新たに取得した特徴量で、木々の個体差の説明ができるかをモデルにより検証してみる。

In [None]:
import pymc as pm
import arviz as az

import numpy as np
import pandas as pd

import matplotlib.pyplot as plt
import seaborn as sns

In [None]:
plt.rcParams['font.size'] = 12

## Load Data

In [None]:
data = pd.read_csv('data_updated.csv')
data

## Preprocess & Scale Data

In [None]:
x = data['span'].values
y = data['num_fruits'].values

num_trees = len(y)

In [None]:
x_mu = np.mean(x)
x_sd = np.std(x)

x_scaled = (x - x_mu) / x_sd

## Define Model & Inference

In [None]:
with pm.Model() as model:

    a = pm.Normal('a', mu=0, sigma=10)
    b = pm.Normal('b', mu=0, sigma=10)

    s = pm.HalfCauchy('s', 5)
    r = pm.Normal('r', mu=0, sigma=s, shape=num_trees)

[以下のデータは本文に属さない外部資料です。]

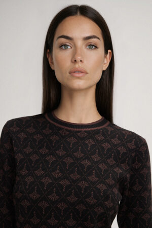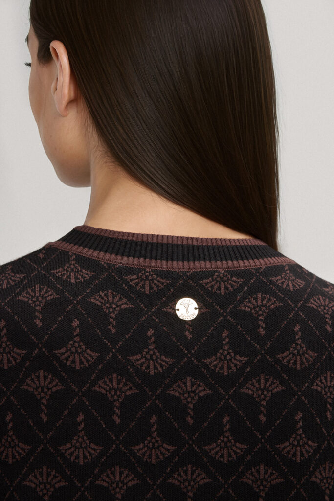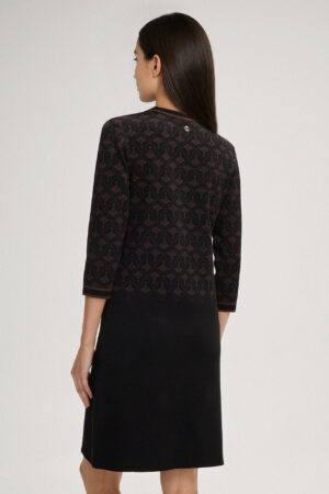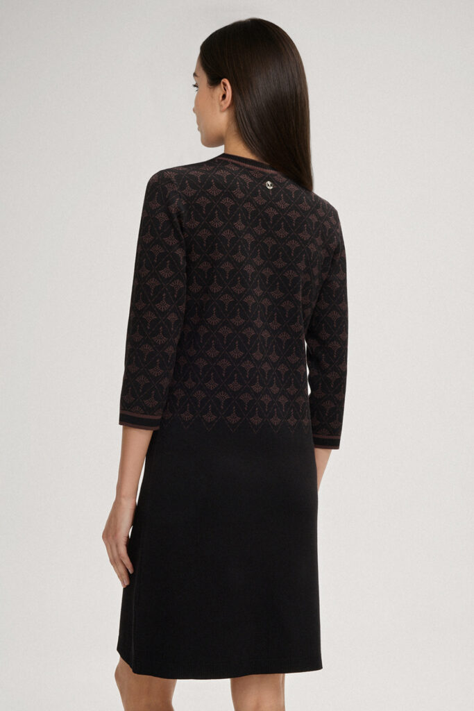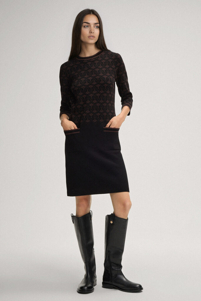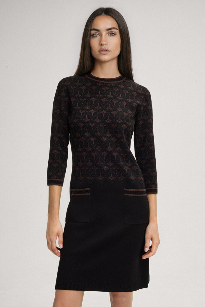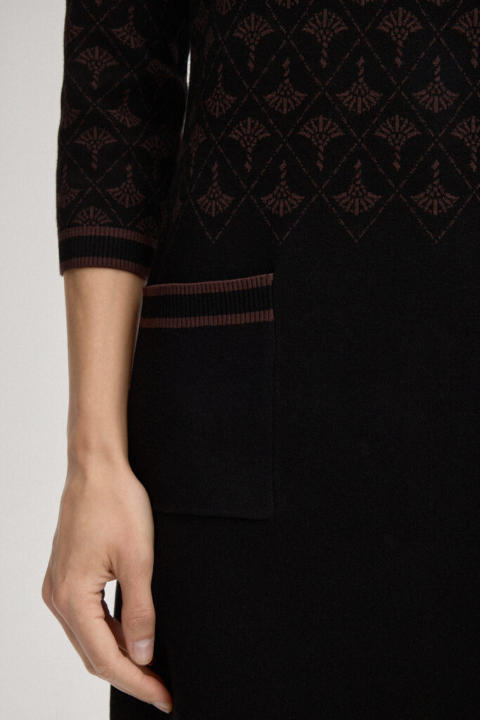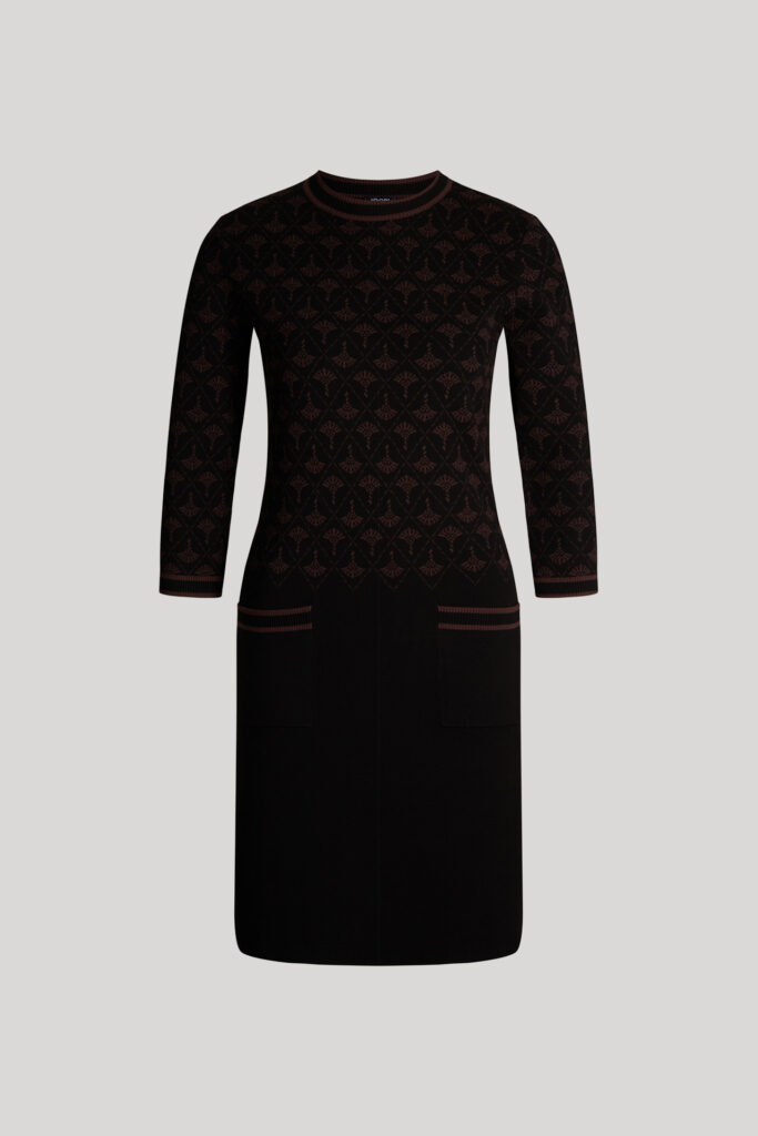 Vācu modes zīmola Joop! adīta sieviešu kleita melnā krāsā ar šokolādes brūnu rudzupuķu rakstu. Izgatavota no mīksta viskozes maisījuma materiāla. Papildināta ar saīsināta garuma piedurknēm un uzšūtām kabatām, kā arī smalki rievotu apdari ar svītru akcentiem un zīmola logotipa akcentu mugurpusē.

    theta = a * x_scaled + b + r

    mu = pm.math.exp(theta)

    obs = pm.Poisson('obs', mu=mu, observed=y)

In [None]:
with model:

    trace = pm.sample(3000, tune=6000, target_accept=0.99, return_inferencedata=False)
    idata = pm.to_inference_data(trace)

## Check MCMC-samples

In [None]:
az.plot_trace(idata)
plt.gcf().subplots_adjust(wspace=0.5, hspace=0.5)

In [None]:
az.summary(idata)

## Posterior Predictive Check

In [None]:
with model:

    ppc = pm.sample_posterior_predictive(idata, return_inferencedata=False)

In [None]:
ppc['obs'].shape

In [None]:
fig = plt.figure(figsize=(12, 24))

for k in range(20):

    ax = fig.add_subplot(10, 2, k+1)

    az.plot_dist(ppc['obs'][:, :, k])
    ax.axvline(y[k], color='r', linestyle='dashed')
    ax.set_title('ID = {}'.format(k))

plt.tight_layout()

## Check Random Effect

In [None]:
az.plot_violin(idata.posterior['r'], grid=(1, num_trees), figsize=(12, 4));

## Compare with True values

In [None]:
data_true = pd.read_csv('data_true.csv')
data_true.head(10)

In [None]:
r_true = data_true['random_effects']

In [None]:
r_mean = trace['r'].mean(axis=0)

In [None]:
fig = plt.figure(figsize=(10, 4))

plt.plot(np.arange(num_trees), r_true, 'o-', markersize=8, label='True Values')
plt.plot(r_mean, 'o-', markersize=8, label='Estimated Values')
plt.xticks(np.arange(num_trees))
plt.xlabel('ID')
plt.ylabel('Random Effects')
plt.legend()

plt.tight_layout()

In [None]:
fig = plt.figure(figsize=(6, 6))

sns.scatterplot(x=r_mean, y=r_true, s=100)

plt.xlabel('True Value')
plt.ylabel('Estimated Value');